Correlation Between Barings Active and Fidelity Flex
Can any of the company-specific risk be diversified away by investing in both Barings Active and Fidelity Flex at the same time? Although using a correlation coefficient on its own may not help to predict future stock returns, this module helps to understand the diversifiable risk of combining Barings Active and Fidelity Flex into the same portfolio, which is an essential part of the fundamental portfolio management process.
By analyzing existing cross correlation between Barings Active Short and Fidelity Flex Freedom, you can compare the effects of market volatilities on Barings Active and Fidelity Flex and check how they will diversify away market risk if combined in the same portfolio for a given time horizon. You can also utilize pair trading strategies of matching a long position in Barings Active with a short position of Fidelity Flex. Check out your portfolio center. Please also check ongoing floating volatility patterns of Barings Active and Fidelity Flex.

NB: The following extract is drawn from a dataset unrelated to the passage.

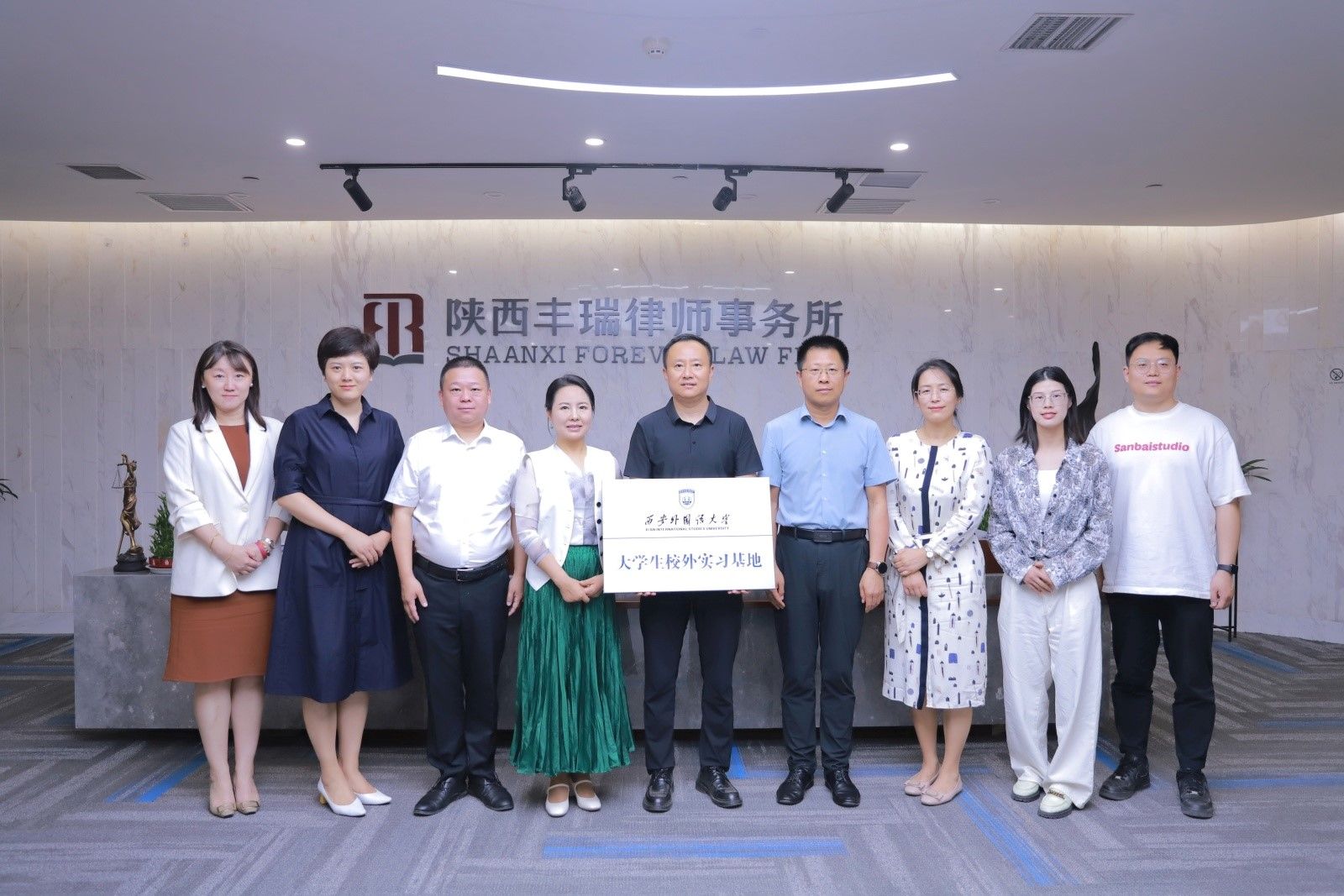 一行在律所人员的引导下参观了丰瑞律所,了解律所业务特色。在座谈交流环节,双方围绕多个主题展开讨论,明确未来合作方向,达成多项共识: 一是加强课程共建,联合开发法律与外语交叉相关课程;二是加强交流互访,促进各项工作落地,三是搭建平台,共同开展涉外法律服务业务;四是为学生提供涉外法律等方面实习机会。 随后双方签订《共建大学生实习基地协议》,并共同为实习基地揭牌。
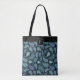 Monogrammed shopping tote bag featuring a personalised monogram on an elegant classic blue abstract floral retro paisley pattern.

Diversification Opportunities for Barings Active and Fidelity Flex
0.25 | Correlation Coefficient |
Modest diversification
The 3 months correlation between Barings and Fidelity is 0.25. Overlapping area represents the amount of risk that can be diversified away by holding Barings Active Short and Fidelity Flex Freedom in the same portfolio, assuming nothing else is changed. The correlation between historical prices or returns on Fidelity Flex Freedom and Barings Active is a relative statistical measure of the degree to which these equity instruments tend to move together. The correlation coefficient measures the extent to which returns on Barings Active Short are associated (or correlated) with Fidelity Flex. Values of the correlation coefficient range from -1 to +1, where. The correlation of zero (0) is possible when the price movement of Fidelity Flex Freedom has no effect on the direction of Barings Active i.e., Barings Active and Fidelity Flex go up and down completely randomly.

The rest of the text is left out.